- [Task to carry out]: When you reach the line containing "手仕事ならではの温かみがあり", start transcribing exactly and continue through the last line of the data, skipping every picture.

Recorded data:
..............................

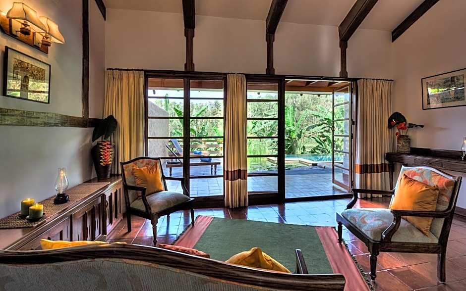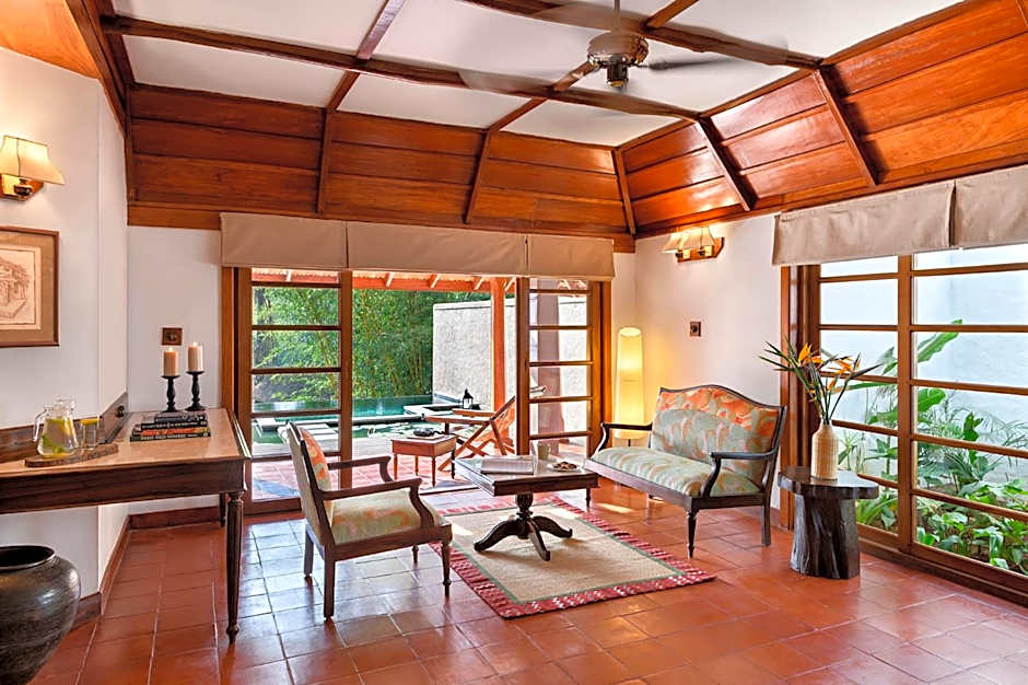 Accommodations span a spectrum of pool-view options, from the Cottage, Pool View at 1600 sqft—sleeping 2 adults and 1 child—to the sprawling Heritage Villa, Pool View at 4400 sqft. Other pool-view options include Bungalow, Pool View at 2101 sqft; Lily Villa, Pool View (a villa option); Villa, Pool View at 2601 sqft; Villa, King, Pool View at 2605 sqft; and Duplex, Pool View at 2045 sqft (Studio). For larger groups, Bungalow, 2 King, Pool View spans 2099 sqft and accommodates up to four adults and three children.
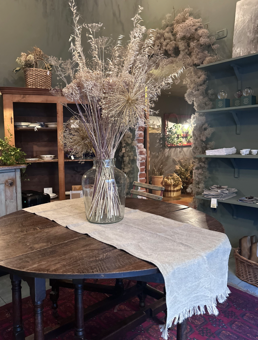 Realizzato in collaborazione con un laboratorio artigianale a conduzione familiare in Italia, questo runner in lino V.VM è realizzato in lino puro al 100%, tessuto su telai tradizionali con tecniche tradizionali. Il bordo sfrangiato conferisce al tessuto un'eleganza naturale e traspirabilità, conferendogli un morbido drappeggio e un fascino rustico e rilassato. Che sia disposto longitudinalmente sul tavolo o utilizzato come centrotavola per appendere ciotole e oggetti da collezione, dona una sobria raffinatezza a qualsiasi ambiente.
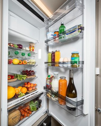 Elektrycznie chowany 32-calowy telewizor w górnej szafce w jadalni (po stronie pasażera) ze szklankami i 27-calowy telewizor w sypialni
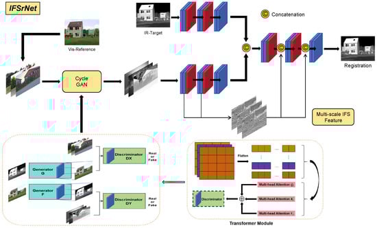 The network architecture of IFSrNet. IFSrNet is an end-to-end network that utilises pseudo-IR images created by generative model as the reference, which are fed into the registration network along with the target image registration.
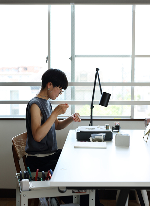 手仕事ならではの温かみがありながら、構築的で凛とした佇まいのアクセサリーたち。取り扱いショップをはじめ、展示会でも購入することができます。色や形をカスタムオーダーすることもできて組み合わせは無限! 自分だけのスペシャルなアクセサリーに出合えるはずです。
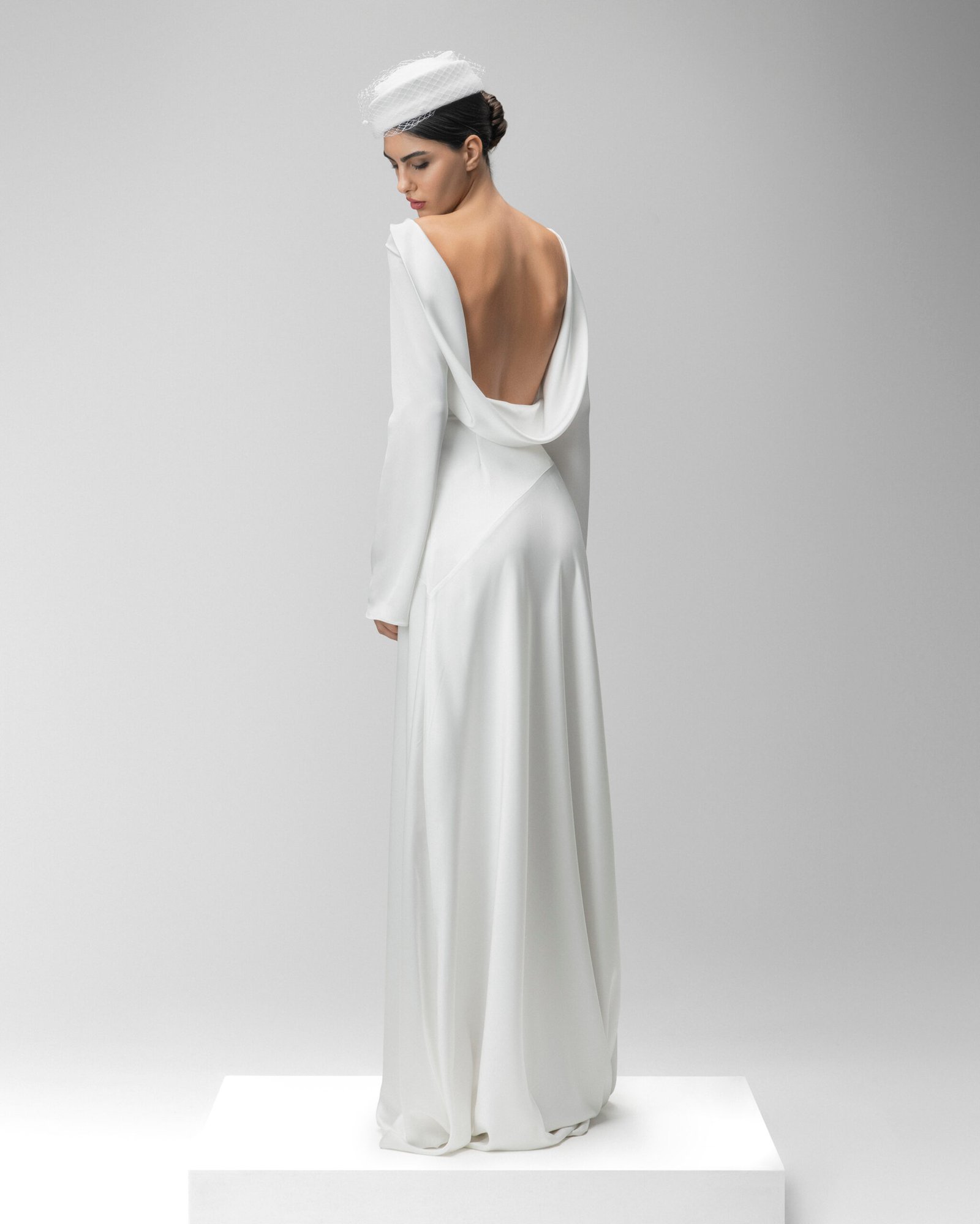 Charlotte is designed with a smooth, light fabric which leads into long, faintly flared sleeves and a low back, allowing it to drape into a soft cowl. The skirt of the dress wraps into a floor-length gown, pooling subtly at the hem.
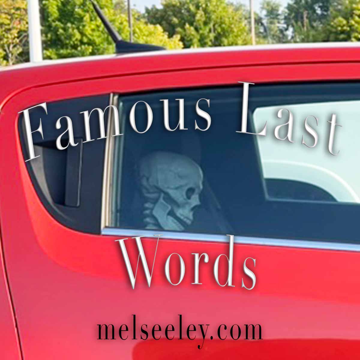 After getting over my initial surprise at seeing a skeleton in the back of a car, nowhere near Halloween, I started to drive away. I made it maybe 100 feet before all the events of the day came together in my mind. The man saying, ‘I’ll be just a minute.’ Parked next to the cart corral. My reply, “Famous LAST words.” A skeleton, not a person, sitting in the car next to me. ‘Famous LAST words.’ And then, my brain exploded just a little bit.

..............................

- [Reply]:
 手仕事ならではの温かみがありながら、構築的で凛とした佇まいのアクセサリーたち。取り扱いショップをはじめ、展示会でも購入することができます。色や形をカスタムオーダーすることもできて組み合わせは無限! 自分だけのスペシャルなアクセサリーに出合えるはずです。
 Charlotte is designed with a smooth, light fabric which leads into long, faintly flared sleeves and a low back, allowing it to drape into a soft cowl. The skirt of the dress wraps into a floor-length gown, pooling subtly at the hem.
 After getting over my initial surprise at seeing a skeleton in the back of a car, nowhere near Halloween, I started to drive away. I made it maybe 100 feet before all the events of the day came together in my mind. The man saying, ‘I’ll be just a minute.’ Parked next to the cart corral. My reply, “Famous LAST words.” A skeleton, not a person, sitting in the car next to me. ‘Famous LAST words.’ And then, my brain exploded just a little bit.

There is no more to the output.